Crius Energy Trust completes acquisition of U.S. Gas & Electric, Inc. and subscription receipt offering

On July 5, 2017, Crius Energy Trust (Crius or the Trust) (TSX:KWH.UN) announced the completion of the acquisition of U.S. Gas & Electric, Inc., a leading US energy retailer with natural gas and/or electricity customers in 11 States and D.C. (the Acquisition), for total consideration of US$152.5 million plus US$20 million in working capital, for a total purchase price of approximately US$172.5 million. 

As a result of the Acquisition, Crius has added a diverse portfolio of electricity and natural gas customers, totaling approximately 375,000 residential customer equivalents (RCEs) in Connecticut, Illinois, Indiana, Kentucky, Maryland, Massachusetts, Michigan, New Jersey, New York, Ohio, Pennsylvania and the District of Columbia. Crius now serves nearly 1.4 million RCEs, representing an approximate 37 per cent increase to the existing customer portfolio, and is now positioned among the 10 largest independent energy retailers in North America. 

On May 30, 2017, concurrently with the announcement of the Acquisition, Crius entered into an agreement with a syndicate of underwriters co-led by Desjardins Capital Markets, RBC Capital Markets and National Bank Financial Inc., and including Canaccord Genuity Corp., Scotia Capital Inc., CIBC World Markets Inc., Cormack Securities Inc. and Raymond James Ltd. (collectively, the Underwriters), pursuant to which the Underwriters agreed to purchase from Crius, on a “bought deal” basis, and sell to the public 11,224,500 subscription receipts of the Trust (Subscription Receipts) at a price of $9.80 per Subscription Receipt (the Offering Price) for total gross proceeds of $110 million (the Offering). In addition, the Trust also granted the Underwriters an option (the Over-Allotment Option) to purchase up to an additional 1,683,675 Subscription Receipts (the Additional Subscription Receipts) at the Offering Price per Additional Subscription Receipt, exercisable in whole or in part, at any time up to 30 days following the closing of the Offering. 

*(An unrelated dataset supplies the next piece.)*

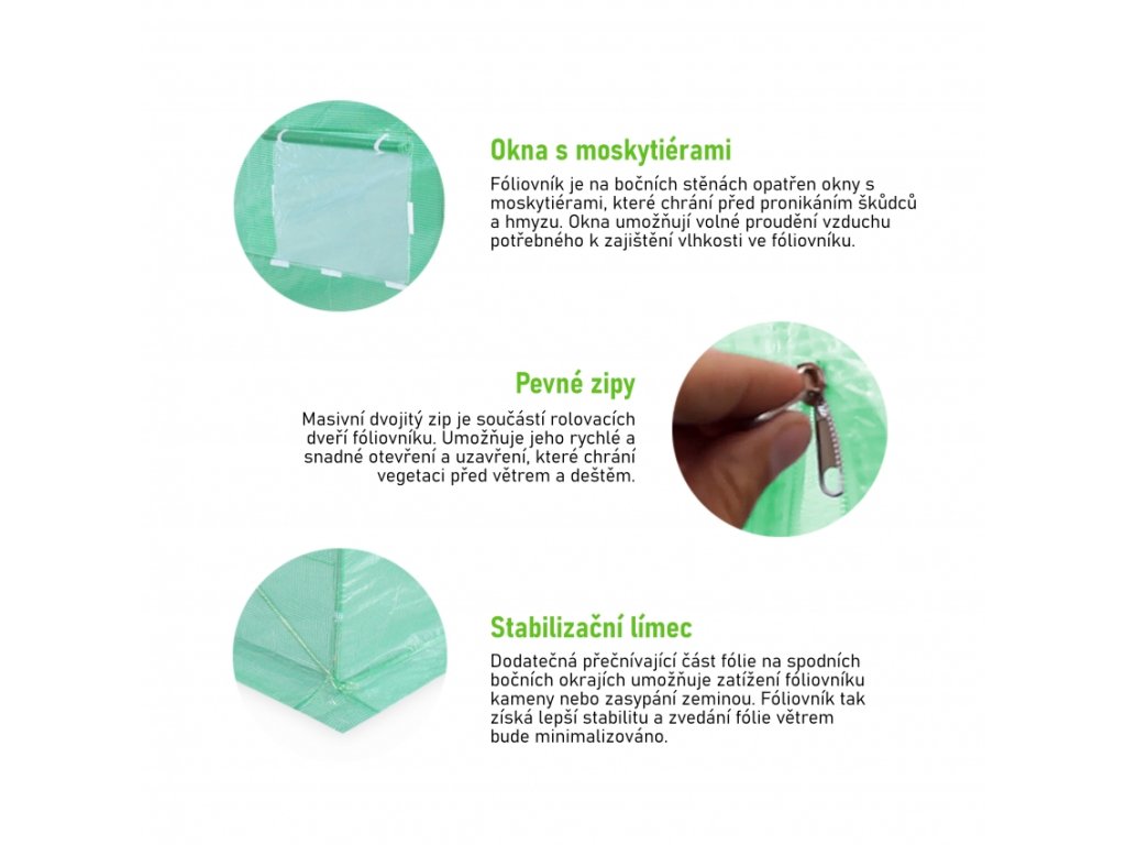 Zahradní fóliovník VespaGarden zelený 2x3m (6m2) je vyroben z vysoce kvalitních materiálů. Silná ocelová pozinkovaná konstrukce o průměru profilů 25mm a síle 0,7mm je doplněna plachtou z polyethylénu s UV filtrem UV-4. Zapuštěná polypropylenová síťka zvyšuje pevnost plachty a zabraňuje jejímu trhání. Boční stěny fóliovníku mají okna opatřená moskytiérou, která chrání před pronikáním škůdců a hmyzu. Okna zároveň slouží k ventilaci a lepší regulaci klimatu uvnitř fóliovníku. Vstup je dostatečně široký a snadno uzavíratelný pomocí zipů. Výška fóliovníku umožňuje komfortní provádění prací spojených s péčí o rostliny.
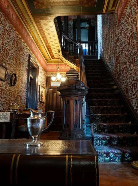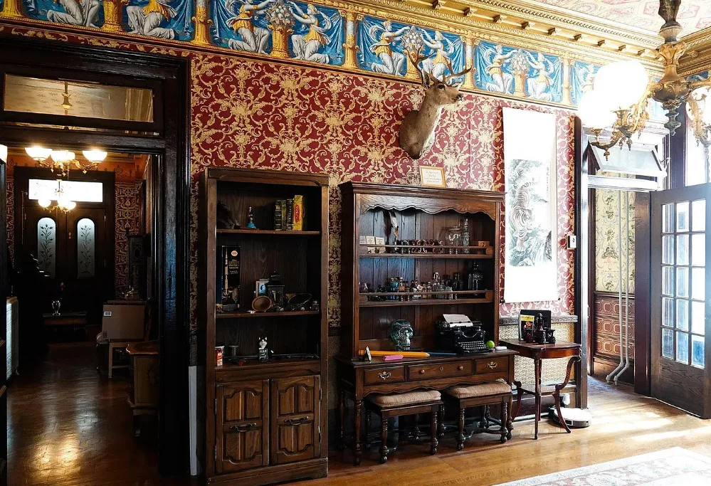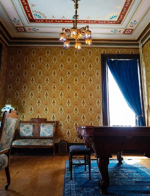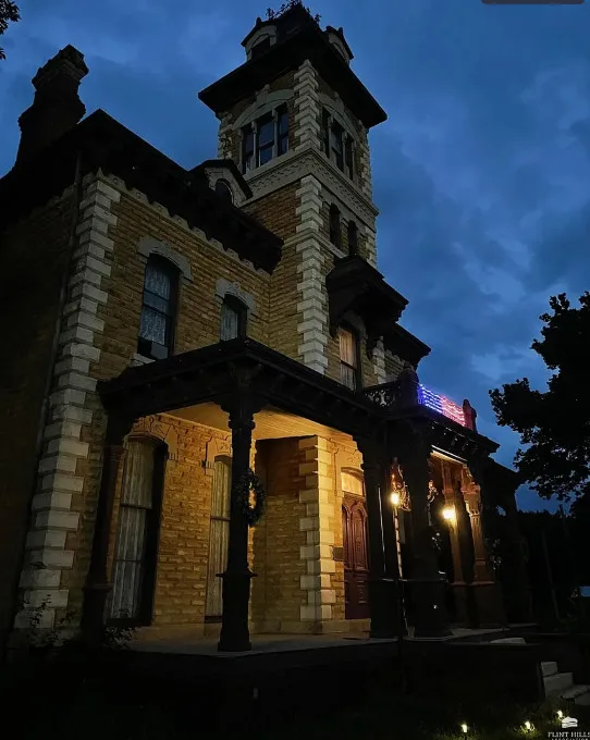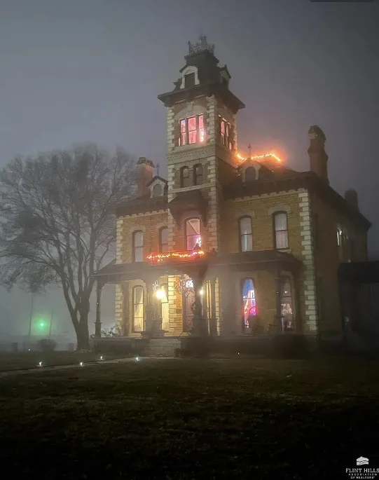 Leaving CA or NY? This 23-room fully furnished Victorian mansion in friendly, low-crime Abilene, Kansas is a bargain! Filled with charm & history on .9 acres with 10,105 sf of living space and a wrought iron perimeter fence, this home features a secret bookcase door leading to a 23-seat Victorian style basement theater and lobby and the original settler’s stone dugout, oversize claw foot tub, plus a gorgeous tower, $750K of world-renowned wallpaper artistry, 6 bedrooms, 3 1/2 baths, and 3 garages. Suitable for privacy or a turn-key tourist attraction and event-hosting business. Small town-life is near larger cities, two regional airports, an international airport, and fine restaurants. A magnificent wooden staircase dominates the oversized foyer. Sale includes fiber optic WiFi and the mansion’s promotional Zimmer Golden Spirit auto. The home has hosted movie and photo shoots, unforgettable dinner parties, themed events, and various special celebrations. Visit https://leboldmansion.com

On June 20, 2017, the Trust announced the closing of the base offering of 11,224,500 Subscription Receipts at the Offering Price for aggregate gross proceeds of approximately $110 million. On June 27, 2017, the Trust announced the closing in full of the Over-Allotment Option, pursuant to which 1,683,675 Additional Subscription Receipts were issued at the Offering Price for additional aggregate gross proceeds of approximately $16.5 million. 

In connection with the closing of the Acquisition, the Subscription Receipts issued, including the Additional Subscription Receipts, converted on a one-for-one basis, into 12,908,175 units of the Trust following the satisfaction of the escrow release conditions relating to the closing of the Acquisition. 

Bennett Jones LLP acted as Canadian counsel for Crius with a team that included Christian Gauthier, Andrew Disipio and Claire Lehan (corporate/securities), and Thomas Bauer and Andrew Sullivan (tax). Baker Botts, LLP acted as US counsel for Crius with a team that included Elaine Walsh, Don Lonczak, Mark Bodron, Samantha Crispin, Mollie Duckworth, Martin Toulouse, Greg Wagner, Mike Bodosky, Brendan Dignan, Stephanie Jeanne, Peter Farrell, Marcia Hook, Susan Toumanian, Kyle Henne, Whitney Blazek, Kasyn Stevenson and Justin Clune. 

Davis Wright Tremaine LLP acted as counsel for U.S. Gas & Electric. Locke Lord LLP acted as counsel for U.S. Gas & Electric with a team led by John Eisel, along with David Fischer and Mike Wilson, Chris Flanagan and Mike Conroy (tax), Joe Farside (HSR matters), Stan Keller, Brett Pritchard and Tom Bohac (securities), Lori Basilico (benefits) and Derrick Hibbard (corporate). Fasken Martineau DuMoulin LLP acted as Canadian counsel for U.S. Gas & Electric with a team that included Blair Horn, Barinder Sidhu and Martin Ferreira Pinho. 

The Underwriters were represented by Baker McKenzie with a team that included Kevin Rooney, Ora Wexler and Ben Keen (corporate/securities) and Peter Clark and Patricia McDonald (tax).